Records from a dataset:
....

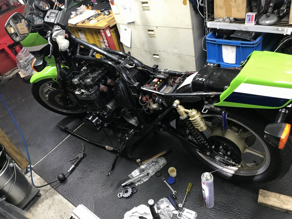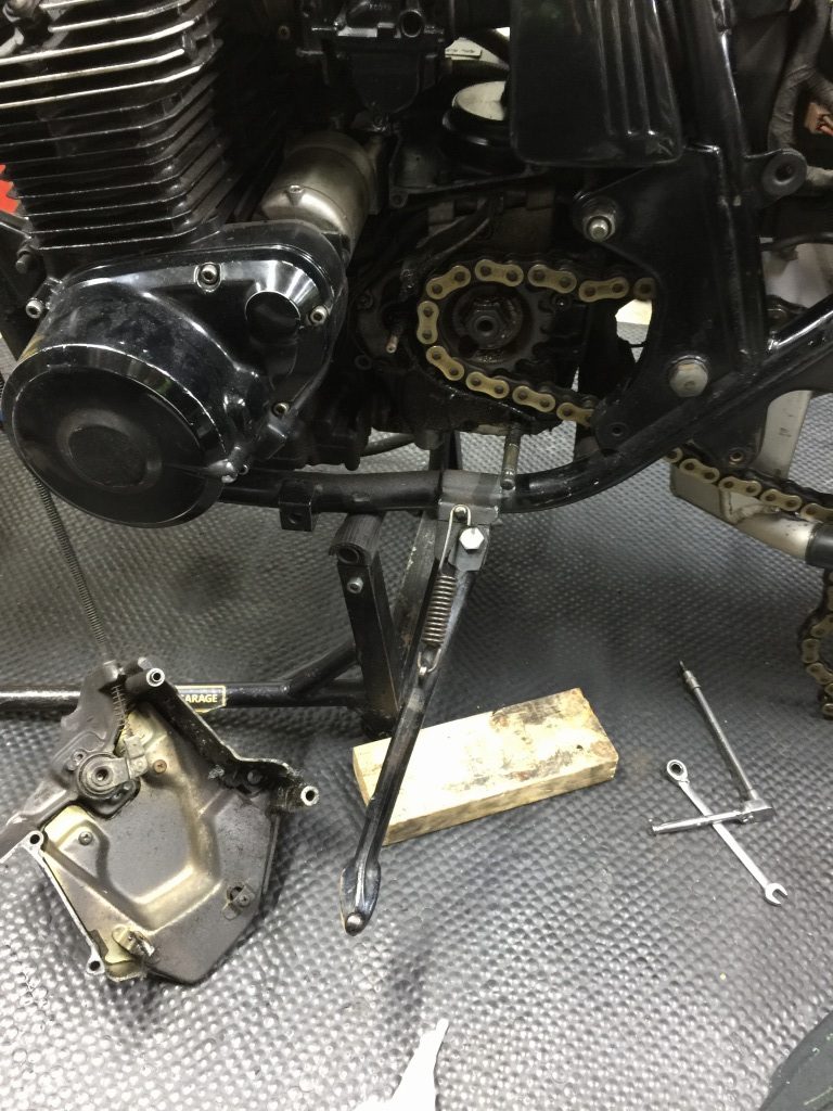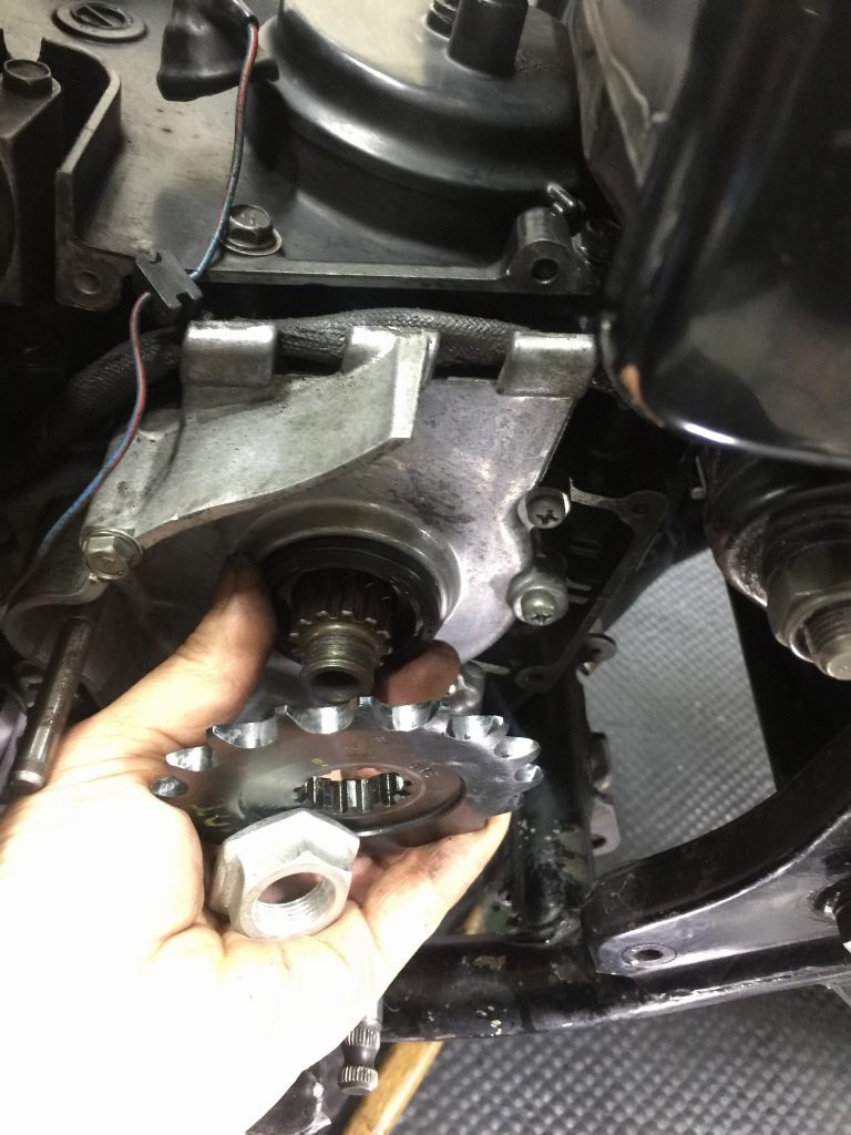 チェーンとスプロケは530にサイズダウンするので取り外します。
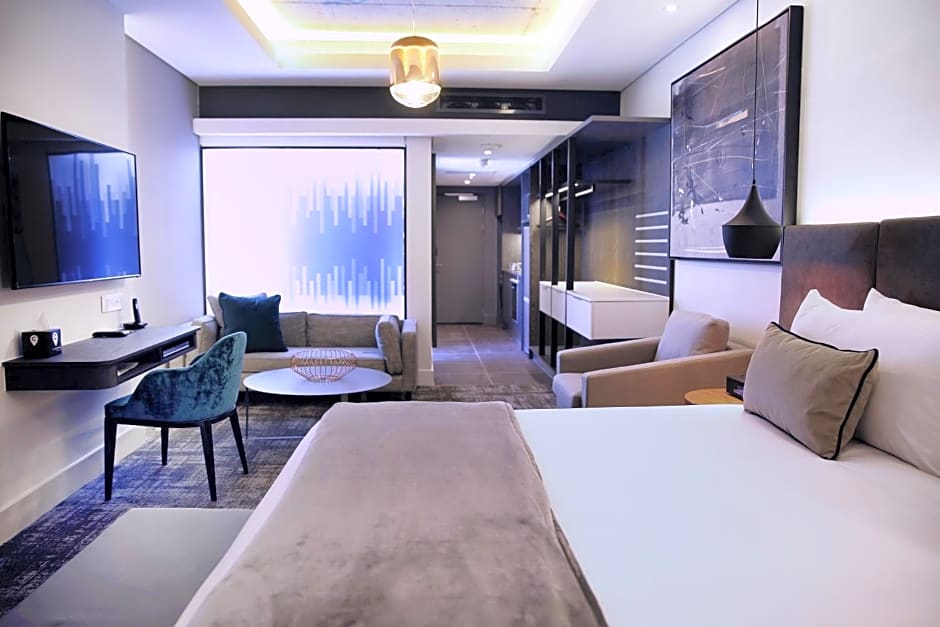 This modern apartment has a separate bedroom and features air conditioning, a seating area, and a kitchen. The bathroom is fitted with a bath and shower.
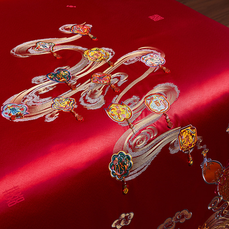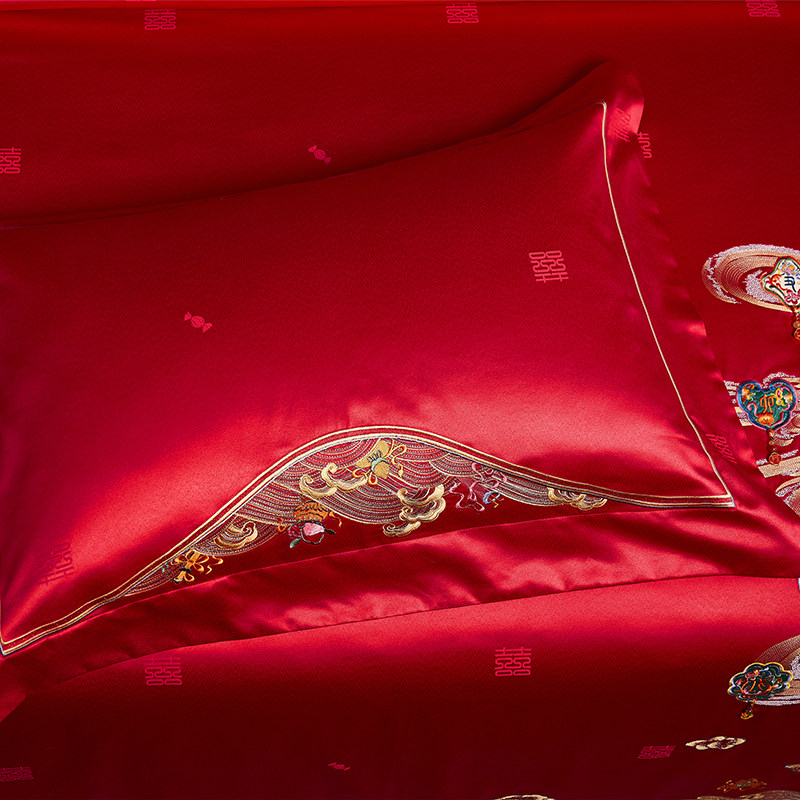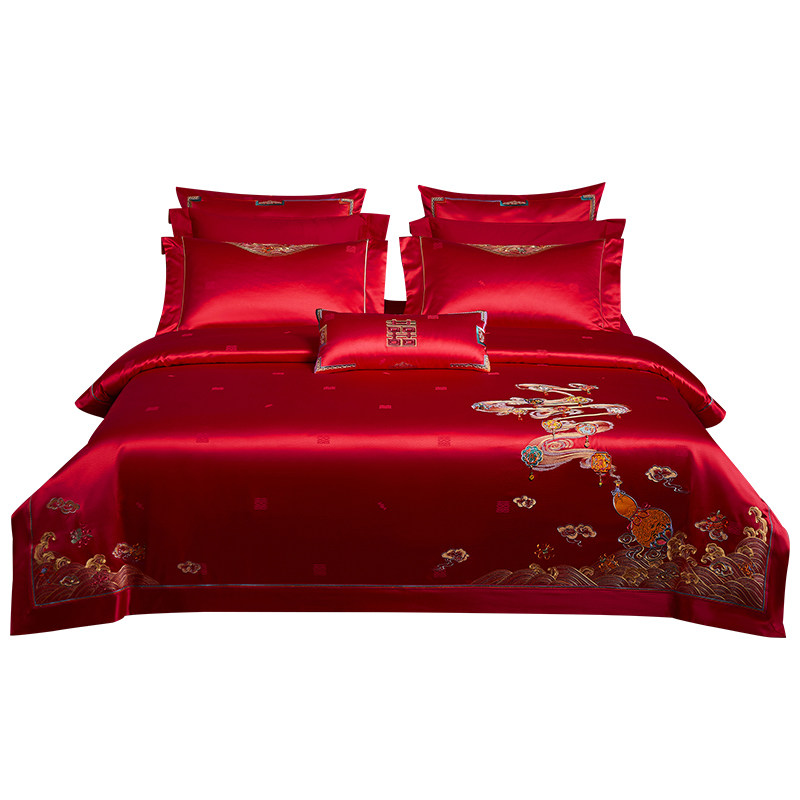 高档婚庆全棉纯棉四件式婚庆陪y嫁刺绣大红色床单被套新中式床上
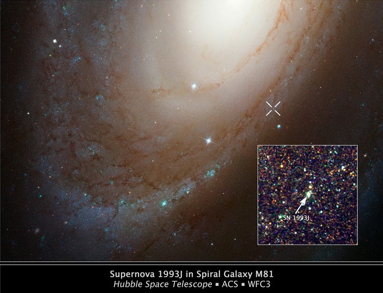 در تصویر زیر عکسی که توسط هابل از این ابرنواختر ثبت شده است را میبینید، همچنین جایگاه و موقعیت آن را در کهکشان M81 مشاهده میکنید. همچنین سناریوی احتمالی شکلگیری این ابرنواختر را نیز میتوانید ببینید:
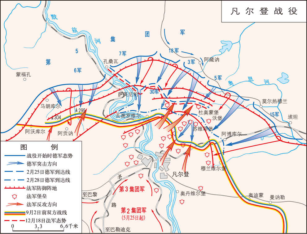 第一次世界大战中,德军和法军于1916年2~12月在法国凡尔登筑垒地域进行的战役。 战役企图和兵力部署 1916年初,德军统帅部计划在东线进行防御,集中兵力对西线法军的凡尔登突出部实施突击,以牵制和消耗法军主力,迫使法国投降。受领进攻任务的部队是德国皇太子威廉指挥的第5集团军(辖7个军共18个...
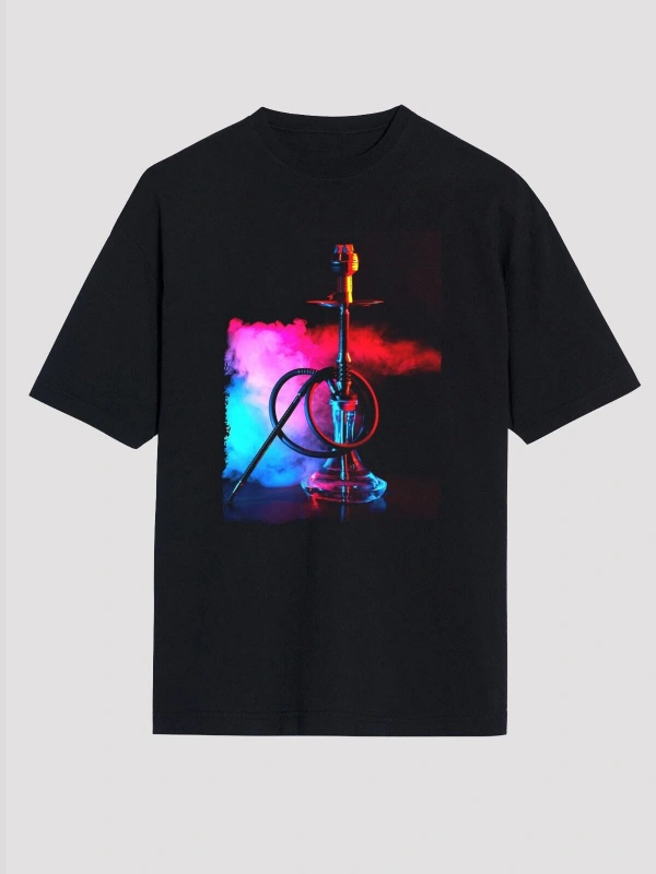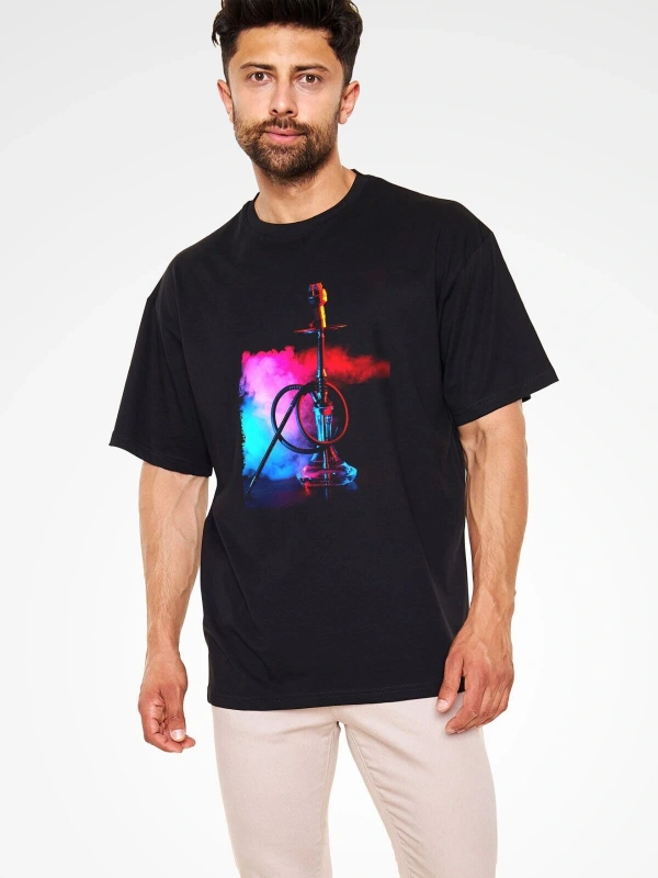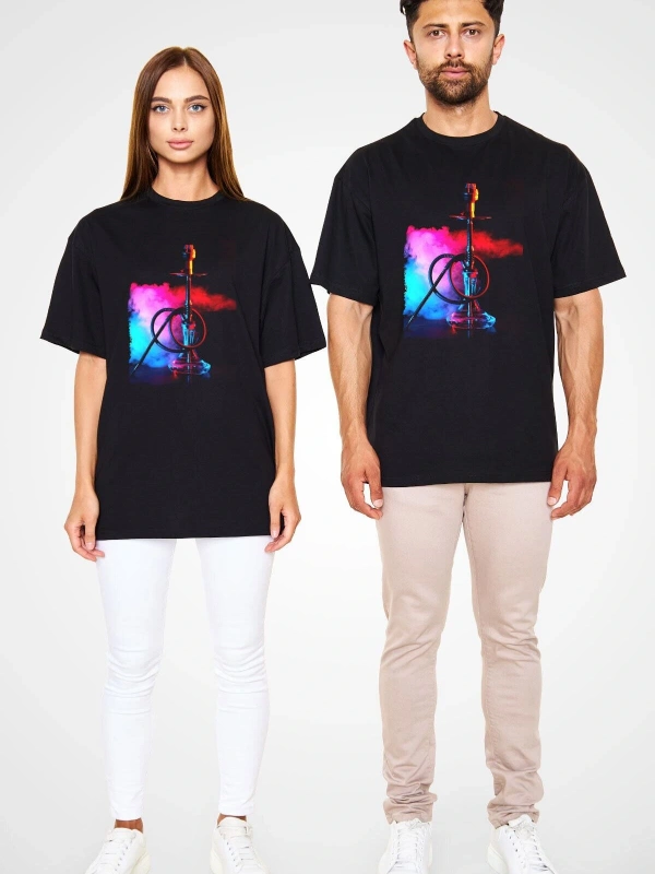 Ko Buta Nargile Baskılı Unisex Siyah Oversize T-shirt Os9944
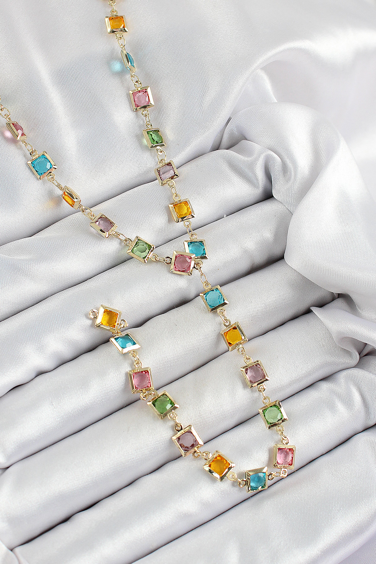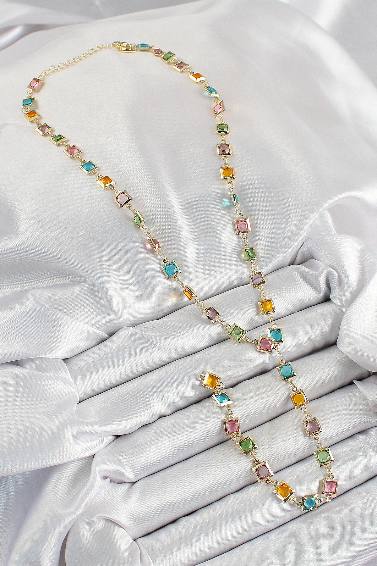 Tegan Pirinç Asorti Kare Model Gold Renk Zirkon Taşlı Y Kolye TG27BKO10253
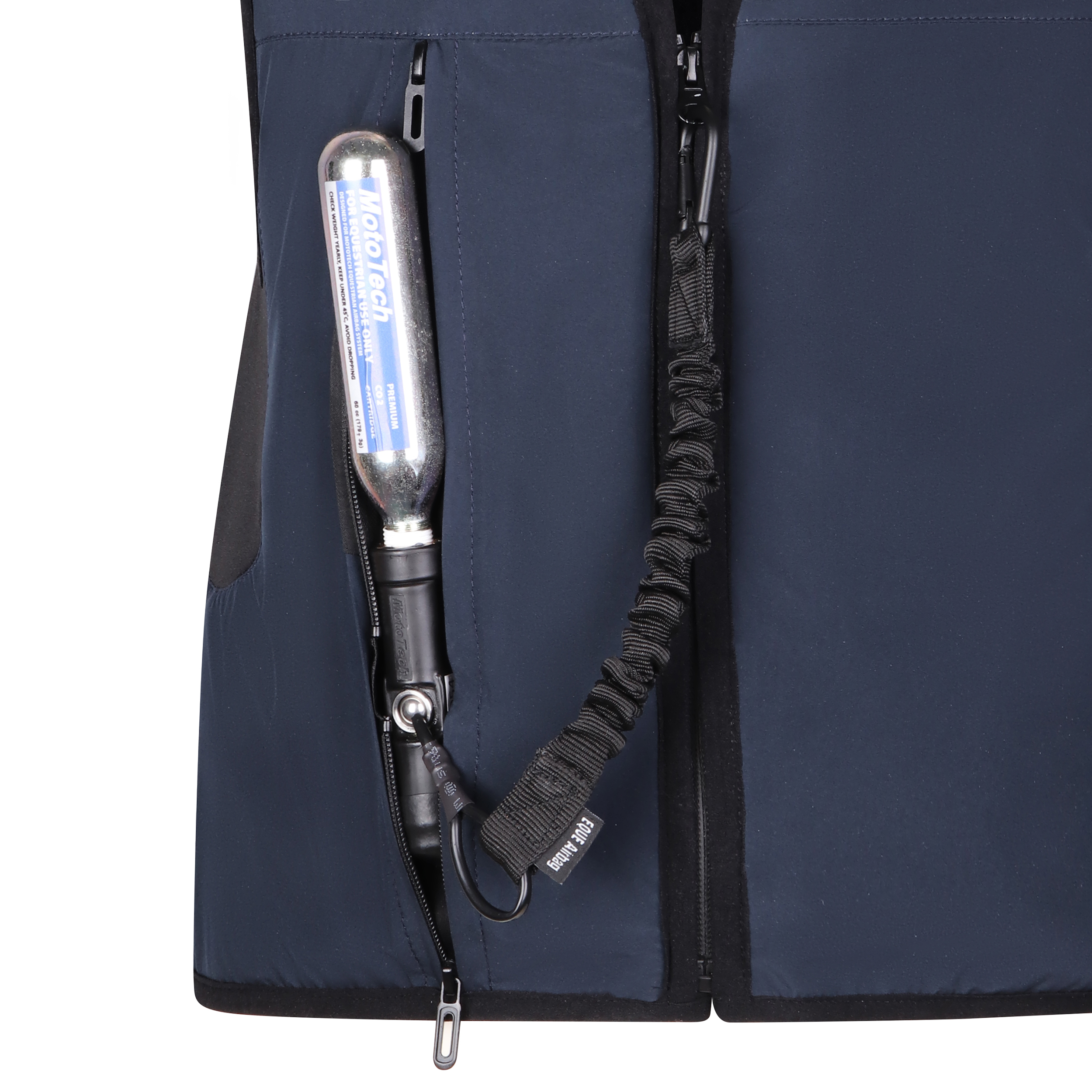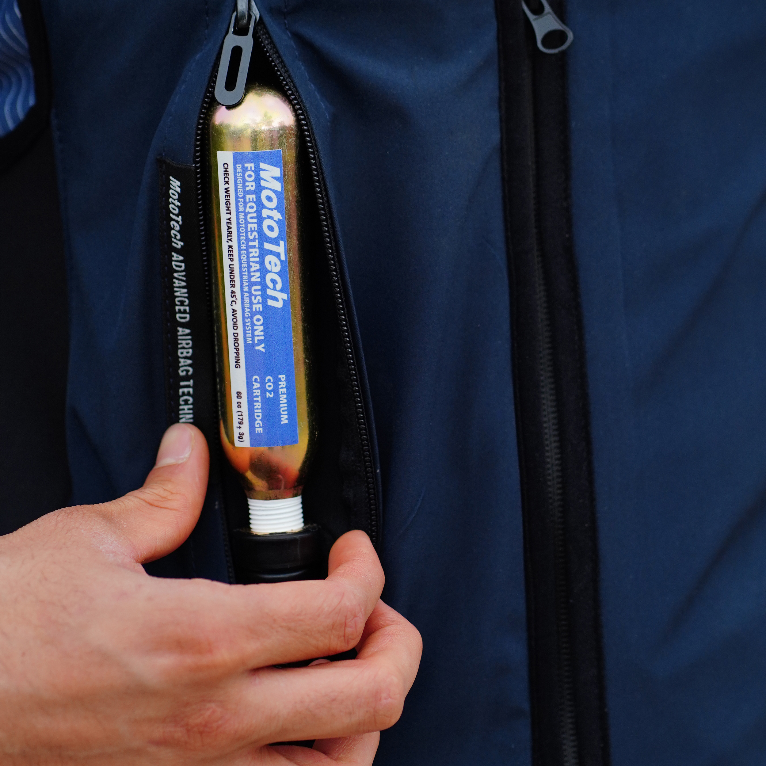 - در صورت جدا شدن سوارکار از زین (برای مثال هنگام سقوط)، این طناب کشیده شده و سیستم کپسول گاز CO₂ فعال میشود.
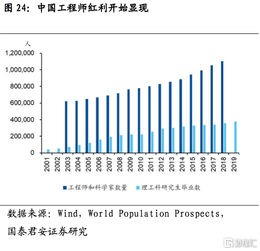 3、老齡化問題終將無法解決,智能製造的大時代正當其時,人工替代與工控系統前景無限。我們已經看到勞動人口會快速下降的未來,那麼應對這個問題,一方面是工程師紅利的對沖,另一方面就是人工替代背後的設備與工控系統的進一步覆蓋。過去幾年這一趨勢已經洶湧來襲,但是我們認為當前並未到中國勞動人口下行最迅猛的階段,因此上述領域的成長空間將進一步被打開。
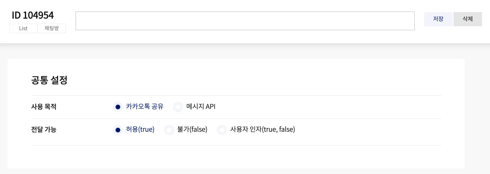 해당 공유 메시지는 텍스트와 버튼 1개로 조합됩니다.

....

Task details:
For each record above, write out every line exactly and skip the pictures.

Result of the exercise:
 チェーンとスプロケは530にサイズダウンするので取り外します。
 This modern apartment has a separate bedroom and features air conditioning, a seating area, and a kitchen. The bathroom is fitted with a bath and shower.
 高档婚庆全棉纯棉四件式婚庆陪y嫁刺绣大红色床单被套新中式床上
 در تصویر زیر عکسی که توسط هابل از این ابرنواختر ثبت شده است را میبینید، همچنین جایگاه و موقعیت آن را در کهکشان M81 مشاهده میکنید. همچنین سناریوی احتمالی شکلگیری این ابرنواختر را نیز میتوانید ببینید:
 第一次世界大战中,德军和法军于1916年2~12月在法国凡尔登筑垒地域进行的战役。 战役企图和兵力部署 1916年初,德军统帅部计划在东线进行防御,集中兵力对西线法军的凡尔登突出部实施突击,以牵制和消耗法军主力,迫使法国投降。受领进攻任务的部队是德国皇太子威廉指挥的第5集团军(辖7个军共18个...
 Ko Buta Nargile Baskılı Unisex Siyah Oversize T-shirt Os9944
 Tegan Pirinç Asorti Kare Model Gold Renk Zirkon Taşlı Y Kolye TG27BKO10253
 - در صورت جدا شدن سوارکار از زین (برای مثال هنگام سقوط)، این طناب کشیده شده و سیستم کپسول گاز CO₂ فعال میشود.
 3、老齡化問題終將無法解決,智能製造的大時代正當其時,人工替代與工控系統前景無限。我們已經看到勞動人口會快速下降的未來,那麼應對這個問題,一方面是工程師紅利的對沖,另一方面就是人工替代背後的設備與工控系統的進一步覆蓋。過去幾年這一趨勢已經洶湧來襲,但是我們認為當前並未到中國勞動人口下行最迅猛的階段,因此上述領域的成長空間將進一步被打開。
 해당 공유 메시지는 텍스트와 버튼 1개로 조합됩니다.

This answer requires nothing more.